The filenames for saveimages is just "<lower-case hex u64 saveID>". SYSTEM-partition saveIDs are specified by FS commands, while USER-partition saveIDs are determined by FS-module internally. The high u32 of the saveID is normally either 0x00000000 or 0x80000000.

PRODINFOF

PRODINFOF
├── Certifications
│   └── WirelessCertification.png
└── ptd
    ├── DeviceIdWithEmsBit.dat
    ├── Ecid.dat
    ├── prodCode.dat
    └── log
        ├── Process_asm1.log
        ├── Process_board1.log
        ├── TestFlagLine.log
        ├── TestFlagQc.log
        ├── AGING
        │   └── Sequence.log
        ├── BOARD_TEST
        │   └── Sequence.log
        ├── BOARD_WIRELESS
        │   └── Sequence.log
        ├── FINAL_CHECK
        │   └── Sequence.log
        ├── LCD_AND_KEY
        │   └── Sequence.log
        └── USB_AND_HP
            └── Sequence.log

DeviceIdWithEmsBit.dat

Contains a 0x10-byte uppercase hex string, identical to the DeviceId in the DeviceCert.

SYSTEM

SYSTEM
├── PRF2SAFE.RCV
├── Contents
│   ├── registered
│   │   └── ... NCA
│   └── placehld
│       └── ... NCA
├── save
│   └── ...
└── saveMeta
    └── ... (empty?)

The saves stored under this partition are only for system-titles / etc.

USER

USER
├── PRF2SAFE.RCV
├── Album (Same layout as SD)
├── Contents
│   ├── registered
│   │   └── ... NCA
│   └── placehld
│       └── ... NCA
├── save
│   └── ...
├── saveMeta
│   └── ... 
└── temp 

The saves for all non-system applications, regardless of where the application is located(storageID), is stored here.

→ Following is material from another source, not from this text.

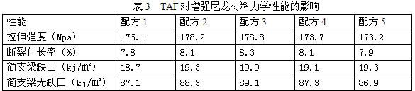 (1) 加入0.5-0.7%组分的TAF对PA66力学性能具有补强作用。

Each user account which has savedata has a separate saveimage. Save-common for an application is presumably a separate saveimage too. Every saveimage here is only for applications.

SAFE

SAFE
├── PRF2SAFE.RCV
├── Contents
│   ├── registered
│   │   └── ... NCA (nothing installed?)
│   └── placehld
│       └── ... NCA
└── save
    ├── 8000000000000000
    └── 8000000000000120

On a v2.1 system with MountBis, the only thing under here is "PRF2SAFE.RCV".

System Savegames

This is a listing of known System Savedata and what titles they correspond to.

SaveID Owner Notes
0x80000000000000d1 erpt Contains "/journal" report listing + actual crash reports ("/%08x-%04x-%04x-%02x%02x-%04x%08x"), which are serialized via MsgPack.